Langsat trees are mostly propagated from their seeds. The growth of the seedlings is very sluggish during the first year. It is also possible to propagate trees of this species from cuttings taken from green wood, but it needs plenty of patience and care. Sometimes, langsat is also propagated using the air layering method. However, this process is usually done with larger plants wherein large branches are layered. The rate of success of this method is not very high, as most of the layering fail to give rise to new plants.
Young langsat trees are planted at intervals of about 8 meters to 10 meters, depending on the region where they are grown. It is essential to give the young trees a lot of care and attention.
Chemical analysis of the langsat fruit has revealed that it contains several active chemical compounds, which are beneficial for our overall health. The rind of this fruit yields about 6 percent of lansium acid. This acid is toxic in nature. In addition, the external skin of langsat contains high amounts of tannin. Fruits that have been freshly peeled also yield a resin, a volatile oil and a few reducing acids. It is believed that the resin obtained from the fruit is non-toxic and helps to protect the stomach from the damages caused by alcohol.

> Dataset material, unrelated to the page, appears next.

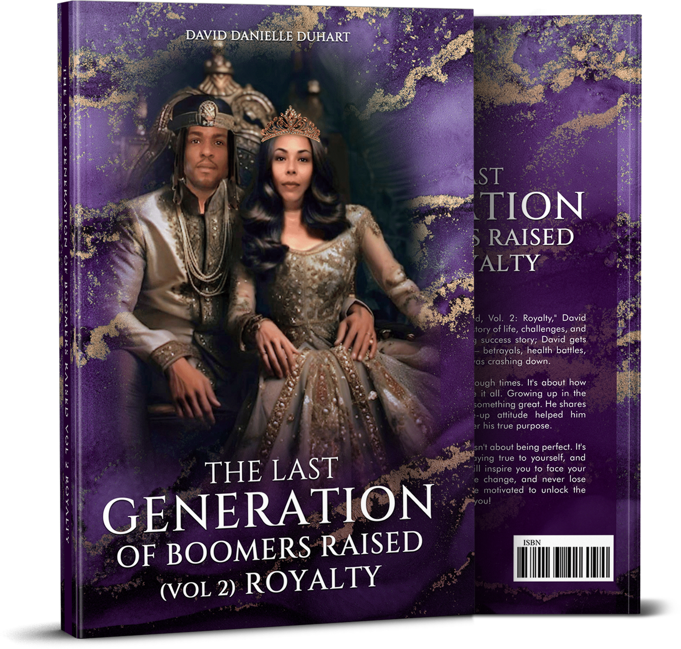 The book “Last Generation of Boomers Raised, Vol. 2: Royalty,” David Danielle Duhart continues his powerful story of life, challenges, and triumph. This isn’t just a smooth-sailing success story; David gets real about the hard knocks he’s taken – betrayals, health battles, and times when life felt like it was crashing down. But this book is about more than just tough times. It’s about how David found the strength to rise above it all. Growing up in the Boomer era, he always felt destined for something great. He shares how faith, family, and a never-give-up attitude helped him overcome obstacles and discover his true purpose. David’s story is a reminder that success isn’t about being perfect. It’s about learning from your mistakes, staying true to yourself, and finding the royalty within. This book will inspire you to face your own challenges with courage, embrace change, and never lose sight of your dreams. Get ready to be motivated to unlock the greatness inside you!

The seed of langsat fruit contains two bitter and toxic substances. In addition, it also contains trace amounts of an alkaloid. The fruit’s pulp contains saccharose, sucrose, glucose and fructose. The bark of the langsat (Lansium domesticum) tree is astringent.
Collection and harvesting
In Malaysia, langsat trees usually bear fruits twice every year. The first fruits are borne during the period between June and July, while the second fruiting occurs in December and January. Sometimes, the second fruiting season extends till February. This fruit-bearing tree is also cultivated in India, where the fruits mature from April to September. On the other hand, the fruiting season of the trees is very short in the Philippines. In fact, most fruits disappear from the market within a month of their availability in the Philippines.